Executive Summary: ISG Provider Lens™ Microsoft AI and Cloud Ecosystem - Australia 2025
The individual quadrant reports are available at:
ISG Provider Lens™ Microsoft AI and Cloud Ecosystem - Managed Services for Azure - Australia 2025
ISG Provider Lens™ Microsoft AI and Cloud Ecosystem - Microsoft 365 Services - Australia 2025
ISG Provider Lens™ Microsoft AI and Cloud Ecosystem - Power Platform Services - Australia 2025
Australian firms seek controlled costs, better security and increased business value from cloud investments
Australia is a mature, highly competitive market with a large number of well-established Microsoft-certified service providers, both local and global. However, as market dynamics continue to evolve, customer demands and expectations are changing, which affects service delivery requirements.

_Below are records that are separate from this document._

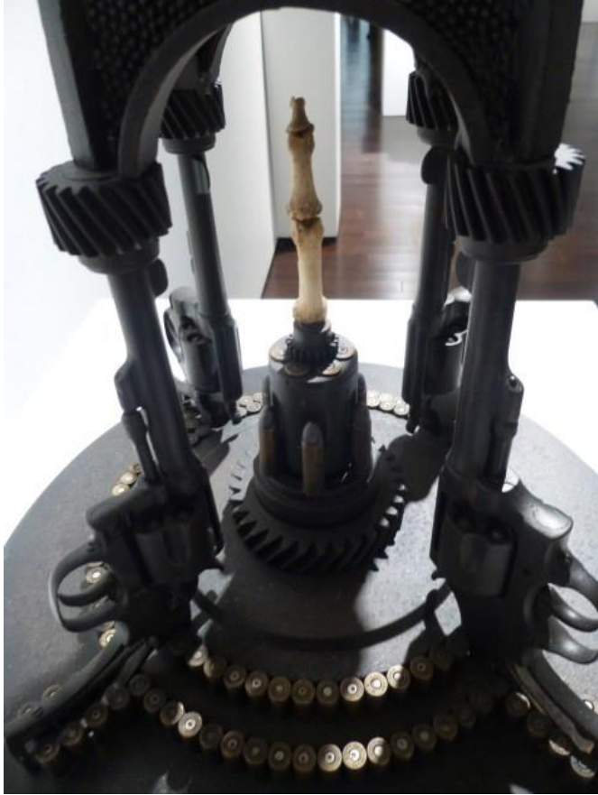
Trigger Finger of Santo Geurro (Detail)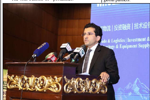
Federal Minister for Petroleum, Ali Pervaiz Malik addressing the Pak China Minerals Cooperation Forum in Islamabad.

the ePakistan-Sri Lanka Joint Economic Commission (JEC) was held in Colombo. A key outcome of the session was the decision to establish a Joint Working Group on IT and Digital Economy, reflecting both countries' resolve to collaborate in emerging technologies and digital transformation. The two sides also agreed to enhance cooperation in advanced and innovative technological fields. Discussions were held on expanding industrial collaboration and increasing bilateral trade, with Sri Lanka inviting Pakistani pharmaceutical companies to explore investment opportunities.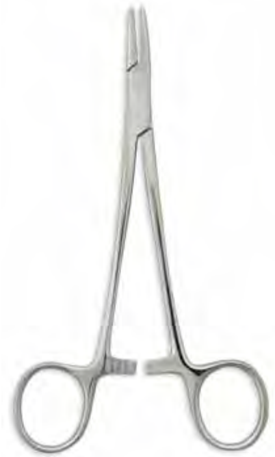
Baumgartner 6" Qty/Case: 250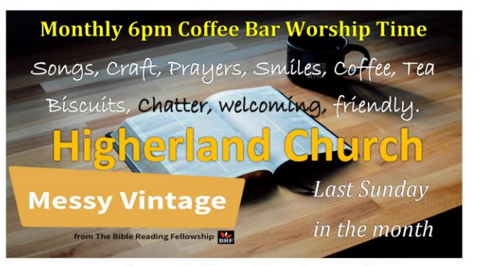
Come along @ 6pm Sunday 26<sup>th</sup> May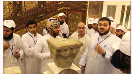
Alharam Museum, Makkah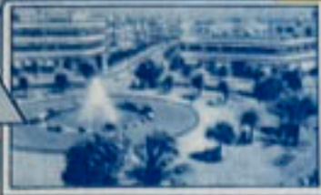
MODERN TEL AVIV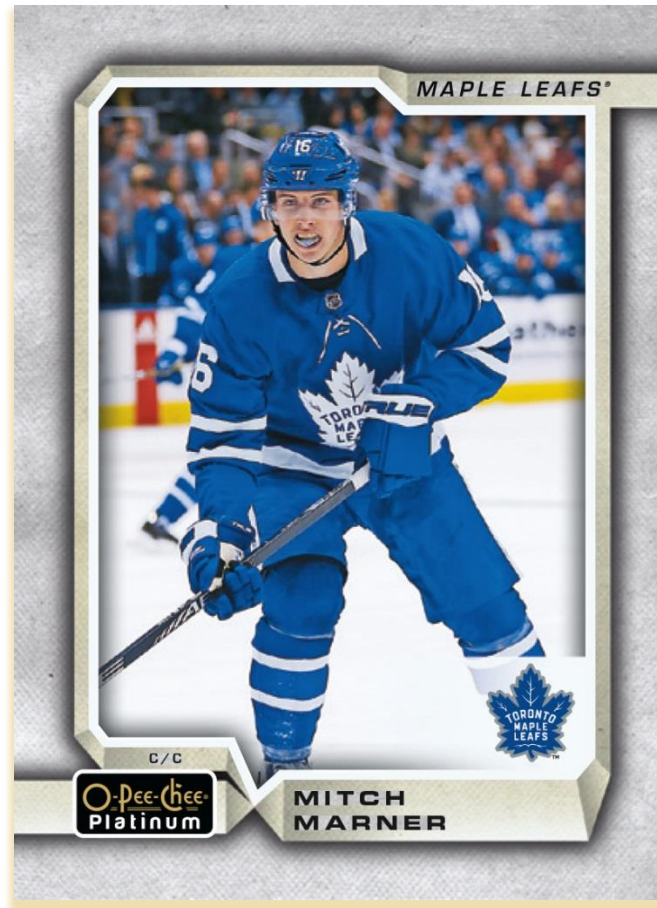
BASE CARD DESIGN

Australia’s IT spending is poised for increased growth in 2025 after several years of conservative tech spending among
organisations worried about macroeconomic uncertainty (both local and global) and pressures on revenue growth and margins. The uptick in tech spending for 2025, especially the spending related to the Microsoft AI and Cloud ecosystem, is mainly driven by investments in cybersecurity, cloud-enabled (and AI-fuelled) innovation and digital transformation and infrastructure modernisation, particularly hardware/device refresh initiatives as Windows 10 approaches the end of life. Australian enterprises continue to seek opportunities to increase visibility, predictability and control over cloud costs, driving ongoing demand for solutions and services that target increased utilisation, measurable business outcomes and value delivery, cost optimisation and governance and end-to-end security on Microsoft Cloud.
Business and technology trends are driving Microsoft to evolve its product set and forcing providers to keep pace with their service offerings around the Microsoft 365 Services suite and the Modern Workplace, Managed Services for Azure, Power Platform and AI services.
Major business trends impacting the Microsoft AI and Cloud ecosystem in Australia include:
● A sharpened focus on measurable business outcomes: Ongoing macroeconomic uncertainty and the persistent threat of inflation have driven Australian firms to prioritise projects that facilitate controlled business growth while supporting cost management. This shift has increased the demand for incremental value delivery, accelerators, industry-specific solutions and the near-constant justification of spending.
Large IT services firms in Australia are facing increased pressure to transition from an IT- and technology-centric approach to a customerand value-centric model. Achieving this requires consistently aligning their services and
capabilities with clear, measurable business outcomes. However, the transition represents a significant shift in capabilities, skills, mindset and positioning, and many services firms find it challenging to adapt.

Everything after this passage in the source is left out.